- Nick O'Teen as he appears in the comic Superman vs. Nick O'Teen

Publication information
- Publisher: DC Comics
- First appearance: 1980
- Created by: Health Education Council; Saatchi & Saatchi;

= Nick O'Teen =

Comic supervillain

Nick O'Teen, is a supervillain from British anti-smoking public service announcements in the 1980s, created by Saatchi & Saatchi and the Health Education Council of London in collaboration with DC Comics. The character is an enemy of Superman who uses various means to attempt to convince children to pick up tobacco smoking.

==PSA campaign==
Nick O'Teen debuted on 26 December 1980 in a British television advertisement. He was designed by the advertising agency Saatchi & Saatchi and the advertisement was paid for by the Health Education Council (HEC). The advertisement was part of a campaign that featured television advertisements as well as comics that lasted until 1982. The campaign was built off a poster from 1979 published by the HEC, which featured Superman discouraging the use of cigarettes. The HEC received over 70,000 requests for the poster, and the money from it meant that the campaign could be expanded considerably.

Nick O'Teen was created to make the advertisements easy for children aged seven to eleven to understand. A 1979 creative brief from Saatchi & Saatchi stated:

We need advertising which states in simple terms to which children will relate that smoking is not a necessary adjunct to adult, cool or heroic behaviour.
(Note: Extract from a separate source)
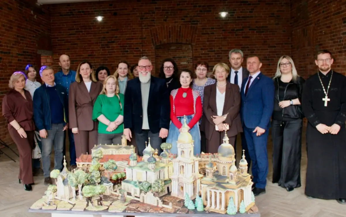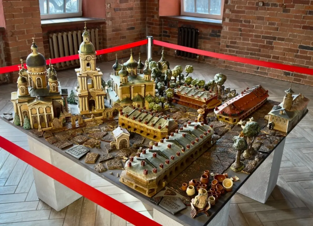 В усадьбе Неклюдова представили объёмный макет Соборной площади старинных Боровичей. Модель выполнили из местных глин мастера Мстинской гончарни.

The health dangers inherent in the habit should be a secondary part of the message.
— Saatchi & Saatchi

Superman was chosen as the hero of the advertisements because he served as a role-model for children. In 1980, a report commissioned by the HEC stated that Superman "was considered to be the most appropriate character of all the super heroes to represent good against bad and advise children not to smoke," and that research "demonstrated that he is an acceptable and exciting figure to small children".

Rather than simply educate, the campaign sought to enlist children to participate in it by signing a pledge to battle Nick O'Teen by not smoking, for which they received a poster and pin buttons featuring Superman. By the time the campaign ended in 1982, the HEC had received over 800,000 requests for these products.

While the campaign was popular, there was no noticeable drop in smoking rates among children in the United Kingdom from the 1980s to the 1990s.

==Fictional character biography==
Nick O'Teen is a mysterious villain who lurks in alleys and vacant parking lots in order to offer cigarettes to children. In the comic Superman vs. Nick O'Teen, he attempts to convince children to smoke by telling them that it will make them grow up faster, but is spotted by Clark Kent, who quickly changes into his Superman costume and blows out Nick O'Teen's match with his super-breath. Superman then informs the children that with his x-ray vision, he can see the damage that smoking causes their bodies. The rest of Nick O'Teen's advertisements follow a similar formula, with Nick O'Teen trying new methods to convince children to smoke, such as lying to them that it is easy to quit smoking if they do not like it or disguising himself as a wizard magician, before being thwarted by Superman.

In one encounter, Superman throws Nick O'Teen high into the sky, which has been interpreted by some viewers as Superman killing Nick O'Teen.

==Reception==
While the advertisement campaign proved popular with children and public schools, many adults criticized it as symptomatic of declining standards in children's media. Concerns expressed included worries that it was "dumbed down", "too American", and "too violent". Many private schools rejected the PSAs altogether because of moral panic surrounding comic books at the time.

The Libertarian magazine Reason described one of the Nick O'Teen advertisements as a "weird, old piece of nanny-state propaganda", comparing Superman's violent treatment of Nick O'Teen to the killing of Eric Garner for allegedly selling cigarettes.